Asking genuinely as I never experimented myself -- Does the Internet experience in general cripple if one rejects the cookies on all websites? Or there is very little loss of functionality? I often allow 'essential cookies'. Would go to 'reject all' if that works fine.
For years my own practice on sites that impose cookie pop-ups has been:
- Zap that element (uBo element zapper or custom CSS style rule via Stylus).
- Globally deny ALL cookies for that site, via uMatrix.
Note that uMatrix (and AFAIU Fireox) already block all third party cookies. This just makes that prejudice global to the site itself.
The number of sites for which I require some level of state preservation is parlous few. Hacker News itself is most of them, my Fediverse home the other.
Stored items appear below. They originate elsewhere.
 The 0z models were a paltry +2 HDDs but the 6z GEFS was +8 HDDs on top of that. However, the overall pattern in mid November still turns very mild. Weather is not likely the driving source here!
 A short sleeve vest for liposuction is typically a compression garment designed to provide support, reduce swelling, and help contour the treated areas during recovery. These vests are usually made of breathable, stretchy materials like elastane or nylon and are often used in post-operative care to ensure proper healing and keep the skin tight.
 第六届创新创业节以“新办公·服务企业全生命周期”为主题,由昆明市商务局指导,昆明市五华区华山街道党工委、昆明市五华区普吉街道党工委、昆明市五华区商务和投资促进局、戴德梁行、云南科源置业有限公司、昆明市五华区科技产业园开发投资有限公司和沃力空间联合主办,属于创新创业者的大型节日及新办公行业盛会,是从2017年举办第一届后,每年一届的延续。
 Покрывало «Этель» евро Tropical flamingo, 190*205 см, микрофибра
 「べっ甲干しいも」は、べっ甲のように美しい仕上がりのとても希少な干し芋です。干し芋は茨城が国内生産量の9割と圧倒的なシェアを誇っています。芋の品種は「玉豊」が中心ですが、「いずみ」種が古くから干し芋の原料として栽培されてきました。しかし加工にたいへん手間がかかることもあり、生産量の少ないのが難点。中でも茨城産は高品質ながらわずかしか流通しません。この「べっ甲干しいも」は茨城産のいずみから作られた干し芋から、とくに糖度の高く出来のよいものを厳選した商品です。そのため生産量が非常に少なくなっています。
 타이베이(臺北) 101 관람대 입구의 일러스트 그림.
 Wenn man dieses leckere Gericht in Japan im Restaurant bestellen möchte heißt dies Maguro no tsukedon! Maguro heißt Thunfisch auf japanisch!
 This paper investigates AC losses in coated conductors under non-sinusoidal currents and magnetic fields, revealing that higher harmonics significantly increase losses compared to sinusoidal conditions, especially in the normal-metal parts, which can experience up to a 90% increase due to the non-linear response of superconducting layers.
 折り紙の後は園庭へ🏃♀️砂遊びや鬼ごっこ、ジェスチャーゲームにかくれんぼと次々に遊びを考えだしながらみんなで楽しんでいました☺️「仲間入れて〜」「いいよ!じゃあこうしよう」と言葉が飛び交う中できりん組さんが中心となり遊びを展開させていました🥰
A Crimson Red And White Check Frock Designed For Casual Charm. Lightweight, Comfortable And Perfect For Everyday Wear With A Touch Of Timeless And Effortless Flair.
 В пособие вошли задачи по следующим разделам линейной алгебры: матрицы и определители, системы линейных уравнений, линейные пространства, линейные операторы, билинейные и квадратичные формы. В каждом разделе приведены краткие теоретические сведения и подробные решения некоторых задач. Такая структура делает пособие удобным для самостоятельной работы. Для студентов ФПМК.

(I largely don't use the Internet for commerce. That's always struck me as a bad idea, getting worse. If I cared ... another very small number of exceptions would deal with that.)
Generally, no. Despite the claims that "this will not cause you to see less ads", sometimes it even does cause you to see less ads as ad slots are less likely to fill if they have less user info. (Sometimes the opposite happens and you get the shittiest weight loss ads however). That said, I assume most people likely to use this extension already run an ad blocker.
Storing login tokens and cart information falls under "legitimate interest", which does not need consent. They just aren't allowed to use that information to do anything else with it.
I've rejected all optional cookies/tracking for many years and I've never noticed any missing functionality.